Scientific journals are dealing with a flood of AI slop and with the release of Prism, the fear is that it’s only getting worse.
One of the long running themes we’ve been witnessing for the last while is the fact that generative AI is ruining pretty much everything. In fact, we’ve just been documenting all the ways generative AI is failing at everything.
At this point, we’re just compiling a list of examples of the many ways generative AI is failing. Those examples include lawyers getting in trouble for fake AI inserted citations in legal briefs, the CNET scandal, the Gannet Scandal, bad “journalism” predictions, fake news stories, more fake stories, Google recommending people eating rocks, the 15% success rate story, bad chess tactics, the Chicago Sun-Times scandal, a Canadian team submitting fake legal citations in their legal briefs, other attorneys submitting fake citation filled legal documents, the 91% failure rate story, AI deleting user data, the lawyer who got fined $10,000 over a bogus AI written legal brief, AI killing workplace productivity with workslop, AI having an 81% failure rate in summarizing news content, AI Overview giving out bad health advice, AI only being able to successfully complete 2.5% of commission work successfully at best, AI slowing software development down by 19%, AI hallucinating in even more court documents, and AI being bad at poker.
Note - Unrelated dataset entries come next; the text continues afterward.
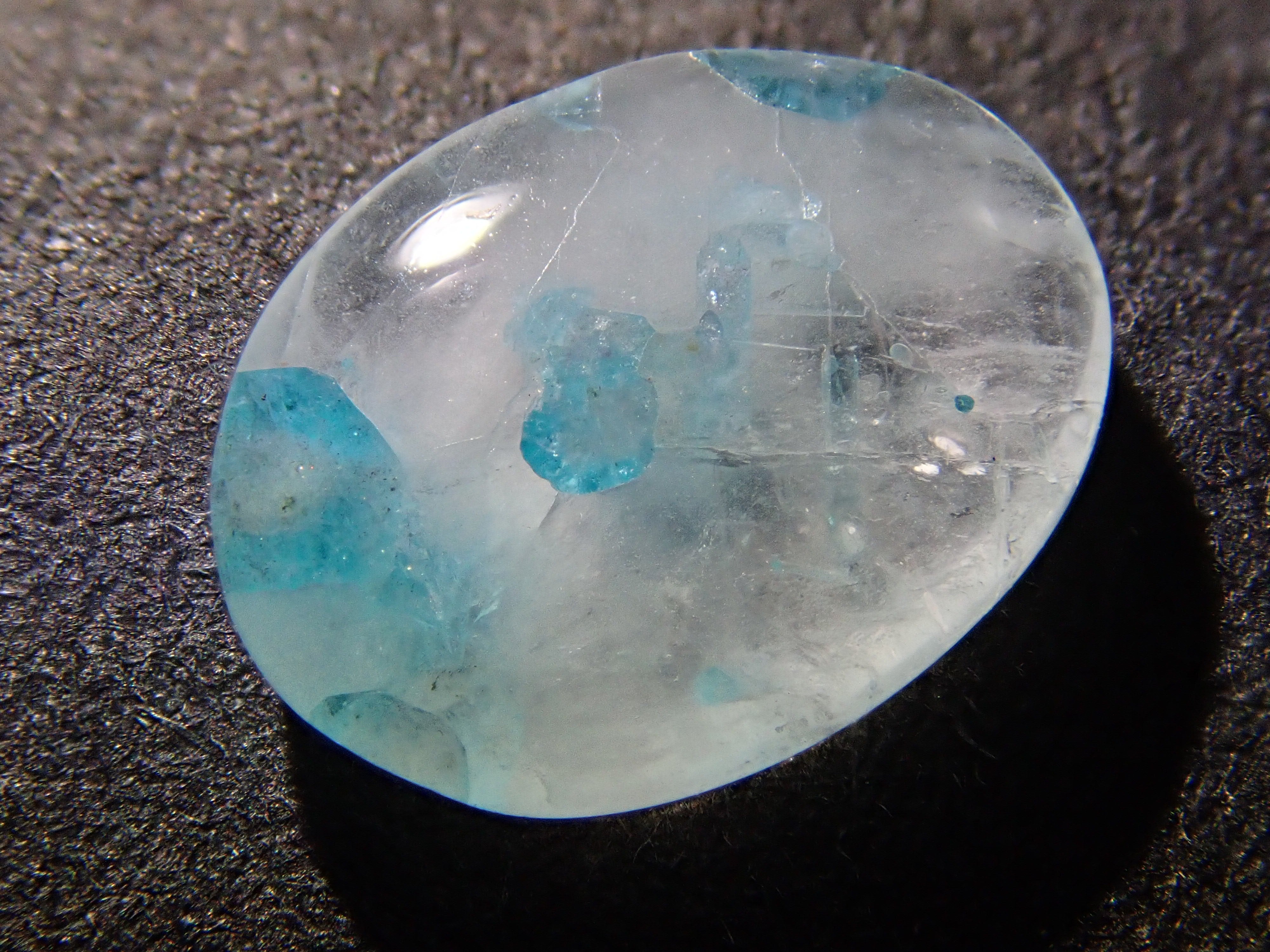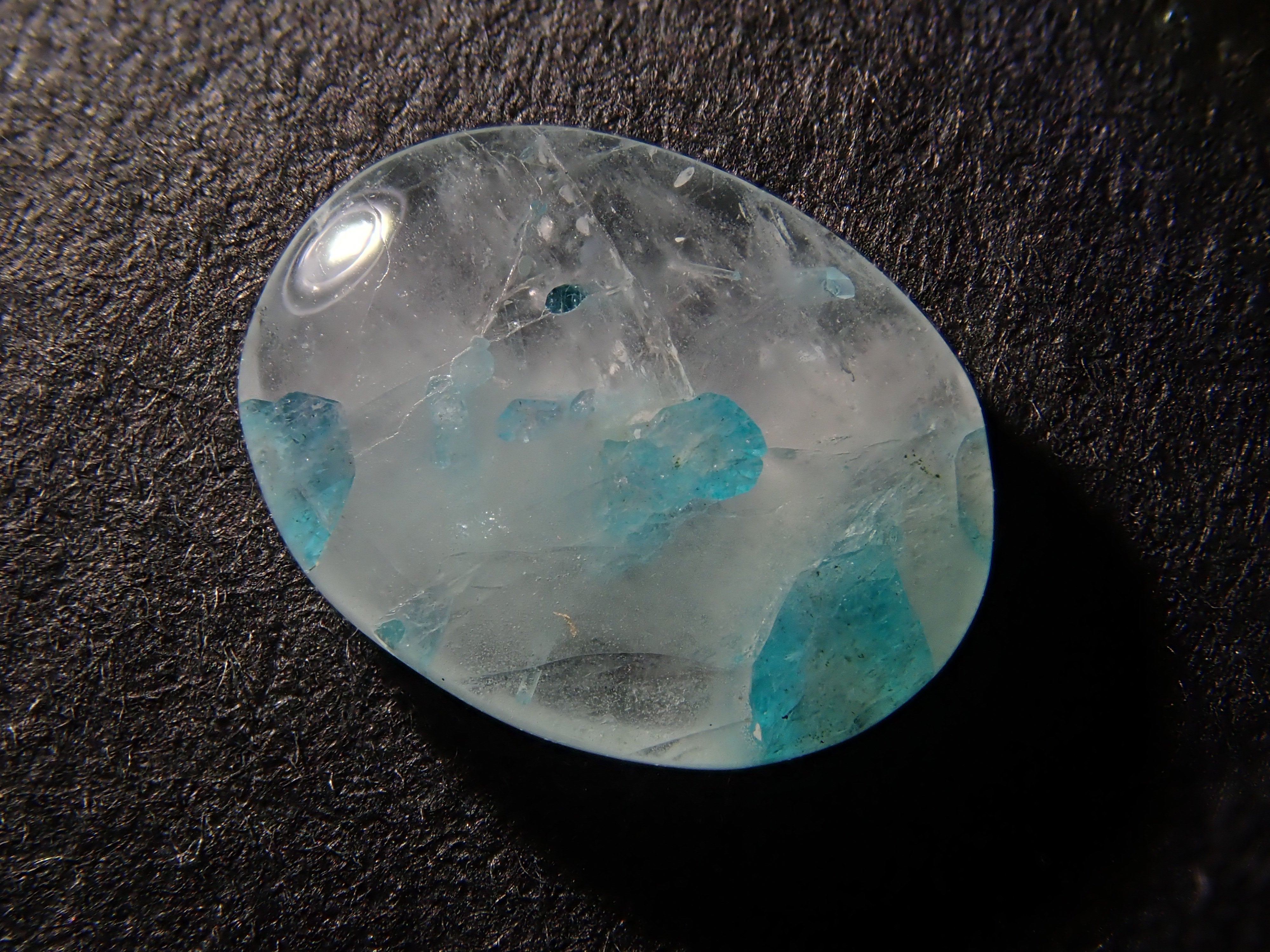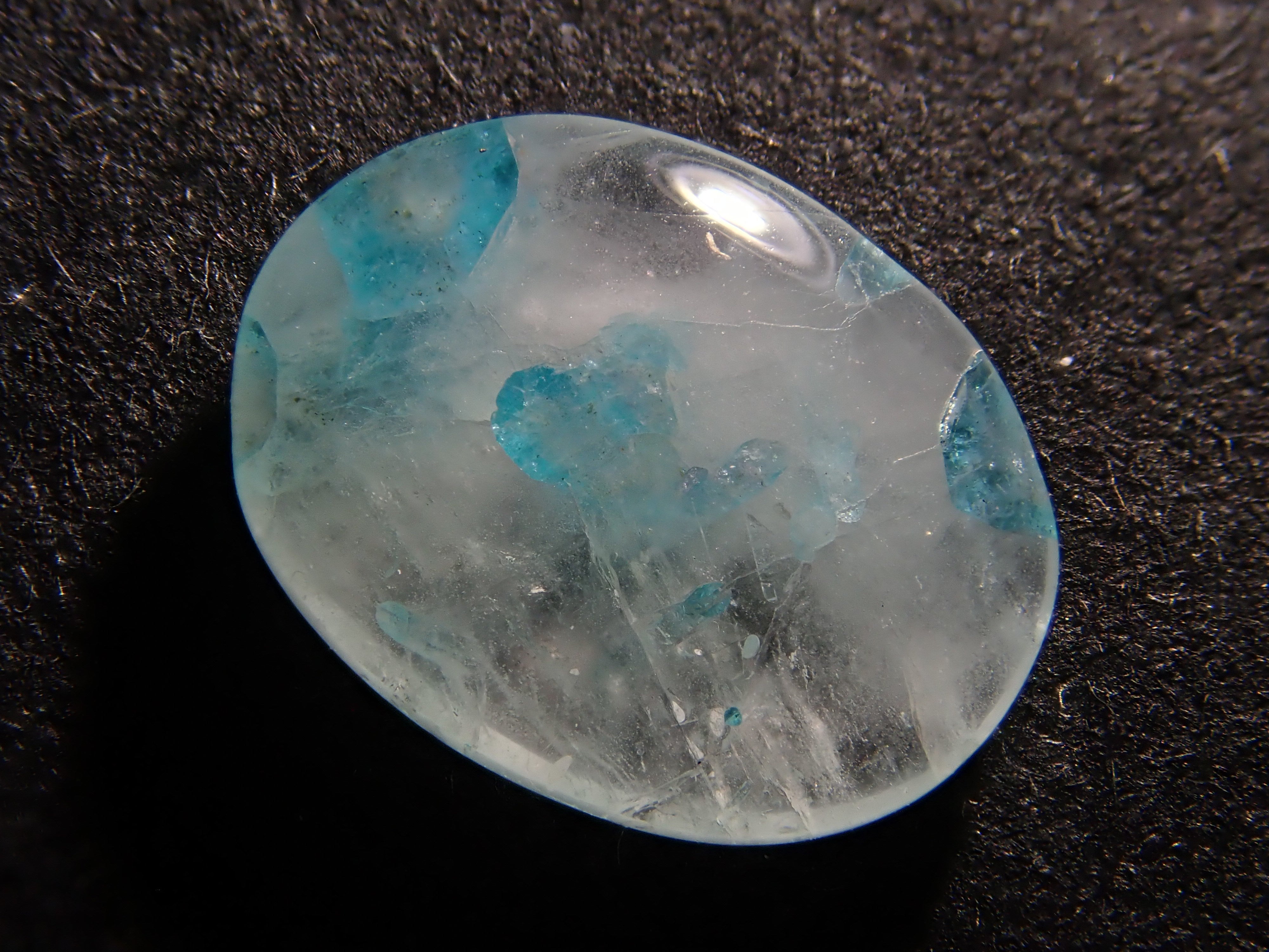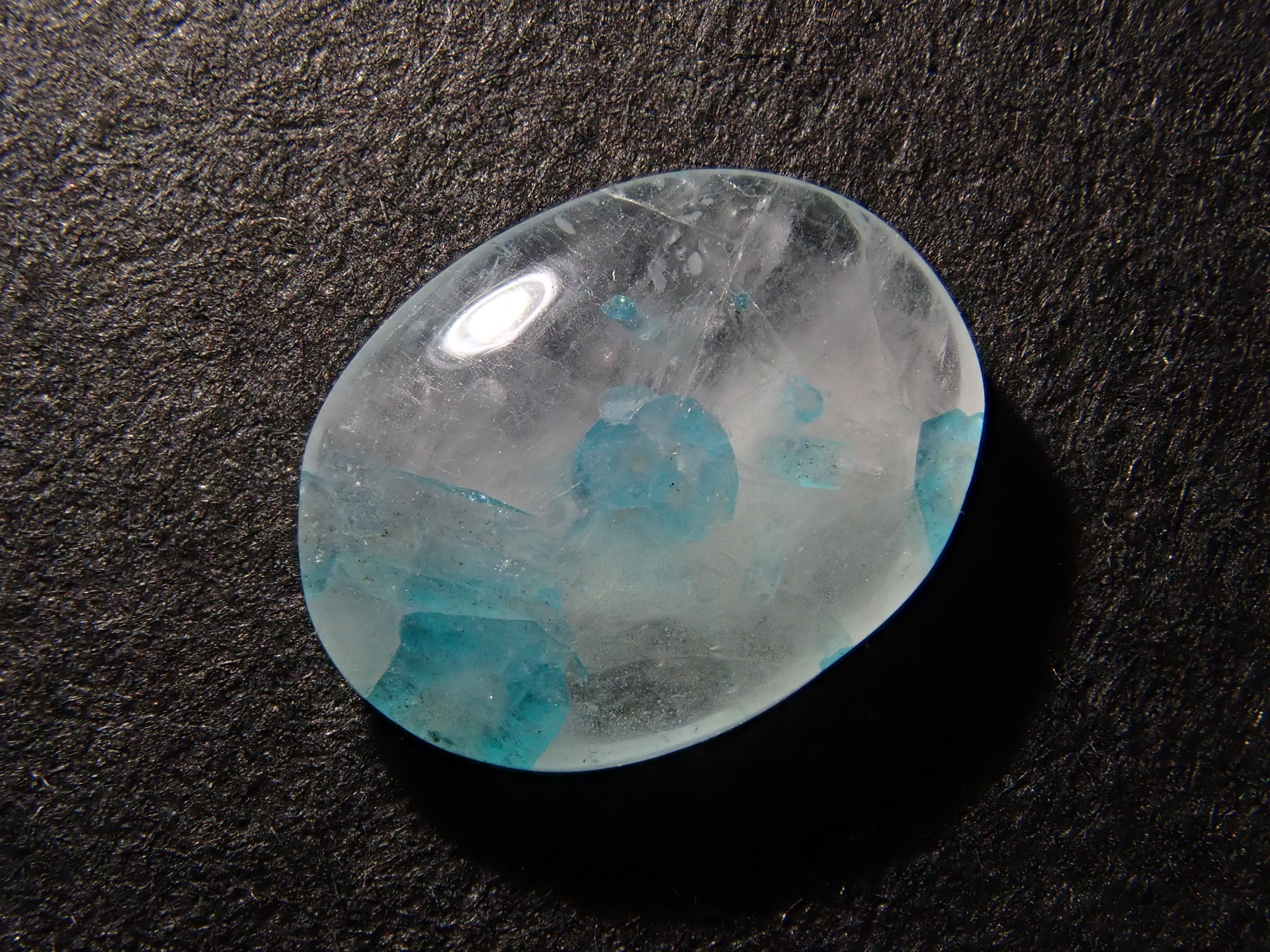 帕拉伊巴石英圓潤可愛,宛如大理石。它清爽的色彩令人聯想到夏日的景象。巴西帕拉伊巴碧璽擁有加勒比海般美麗的色彩,與透明至乳白色的石英交相輝映,令人聯想到海浪拍打潔白沙灘的景象。凝視著它,彷彿能聞到大海的氣息,聽到海浪的聲音。這顆裸石是從巴西帕拉伊巴碧璽礦主手中直接購得的。
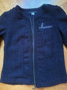 sako tmavě modré, vel 38,prsa 90cm, pas 90cm, délka rukávu 61cm, ramena 42cm, délka 55cm,STAV VELMI DOBRÝ
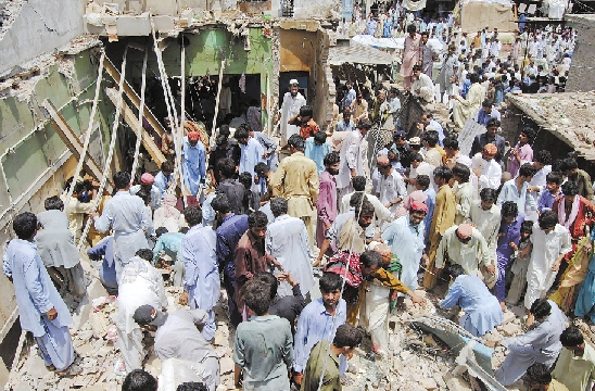8月14日,巴基斯坦当地居民在俾路支省一处建筑物废墟处寻找幸存者。 新华社发
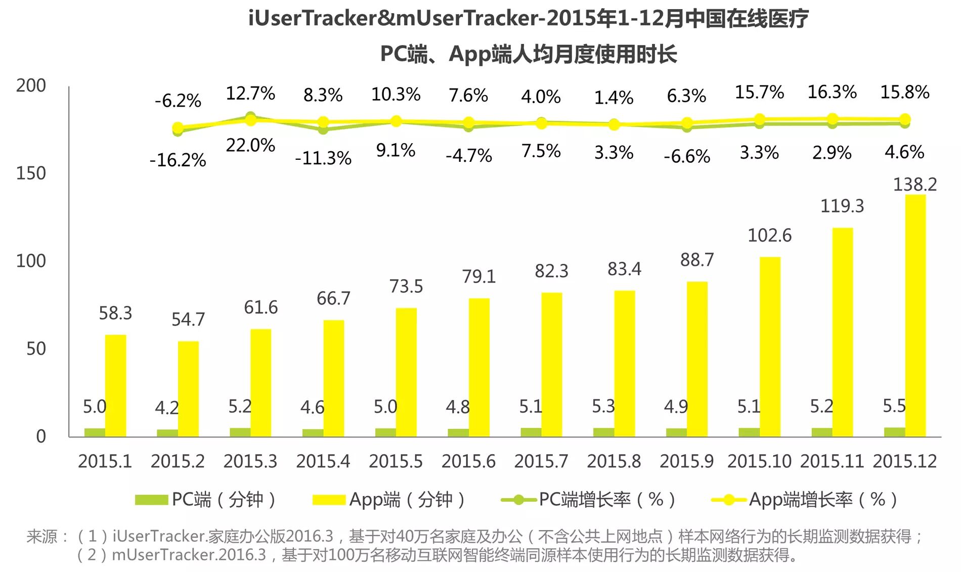 艾瑞iUserTracker和mUserTracker监测数据显示,2015年1至12月在线医疗行业App端人均月度使用时长逐月上升,12月增长至138.2分钟,而PC端人均月度使用时长则在5分钟左右波动,App端人均月度使用时长远远高于PC端,且逐渐同PC端形成巨大差距。

One of the things I’ve heard from people pushing AI is that while it is bad at producing content like art and documents, it is a boon for the scientific community, so there are practical uses of all of this. Even that argument isn’t necessarily entirely true. If there is dedicated AI for that stuff, maybe, but if we’re talking about generative AI, this is actually a major source of headaches for the scientific community. For scientific publications, there has been a sharp increase in generative AI slop being submitted for review. Given the slop in software development and in the legal community, retrospectively, this isn’t necessarily a surprise. If generative AI sucks at writing a legal document, journalism, and coding, why would scientific research be any different?
While things are bad now, there are fears that things could get much worse. OpenAI has apparently released a product called Prism. That is raising alarms within the scientific community. It’s not because there is a fear that scientific researchers would become an obsolete thing. In fact, it’s quite the opposite problem. The fear is that it could lead to even more AI slop that’s already flooding scientific publications. From ArsTechnica:
On Tuesday, OpenAI released a free AI-powered workspace for scientists. It’s called Prism, and it has drawn immediate skepticism from researchers who fear the tool will accelerate the already overwhelming flood of low-quality papers into scientific journals. The launch coincides with growing alarm among publishers about what many are calling “AI slop” in academic publishing.
To be clear, Prism is a writing and formatting tool, not a system for conducting research itself, though OpenAI’s broader pitch blurs that line.
Prism integrates OpenAI’s GPT-5.2 model into a LaTeX-based text editor (a standard used for typesetting documents), allowing researchers to draft papers, generate citations, create diagrams from whiteboard sketches, and collaborate with co-authors in real time. The tool is free for anyone with a ChatGPT account.
“I think 2026 will be for AI and science what 2025 was for AI in software engineering,” Kevin Weil, vice president of OpenAI for Science, told reporters at a press briefing attended by MIT Technology Review. He said that ChatGPT receives about 8.4 million messages per week on “hard science” topics, which he described as evidence that AI is transitioning from curiosity to core workflow for scientists.
The article does cover the flood of AI slop that already exists.
Those concerns are not hypothetical, as we have previously covered. A December 2025 study published in the journal Science found that researchers using large language models to write papers increased their output by 30 to 50 percent, depending on the field. But those AI-assisted papers performed worse in peer review. Papers with complex language written without AI assistance were most likely to be accepted by journals, while papers with complex language likely written by AI models were less likely to be accepted. Reviewers apparently recognized that sophisticated prose was masking weak science.
“It is a very widespread pattern across different fields of science,” Yian Yin, an information science professor at Cornell University and one of the study’s authors, told the Cornell Chronicle. “There’s a big shift in our current ecosystem that warrants a very serious look, especially for those who make decisions about what science we should support and fund.”
Another analysis of 41 million papers published between 1980 and 2025 found that while AI-using scientists receive more citations and publish more papers, the collective scope of scientific exploration appears to be narrowing. Lisa Messeri, a sociocultural anthropologist at Yale University, told Science magazine that these findings should set off “loud alarm bells” for the research community.
These problems are by no means anything new. We’ve witnessed in numerous other fields the problem of letting AI handle everything. At best, generative AI is error prone and filled with hallucinations. At worse, it slows progress down for people despite the claims of increasing productivity. This is a continuous theme across the different fields that generative AI has been used in.
At any rate, we get to, once again, add to the list of ways generative AI is failing at things. This is happening even as some of the AI pushers out there proclaim that AI is rapidly improving and fixing all the ways that it is screwing things up in the past. The evidence out there seems to continue to show that AI is most decidedly not improving after all.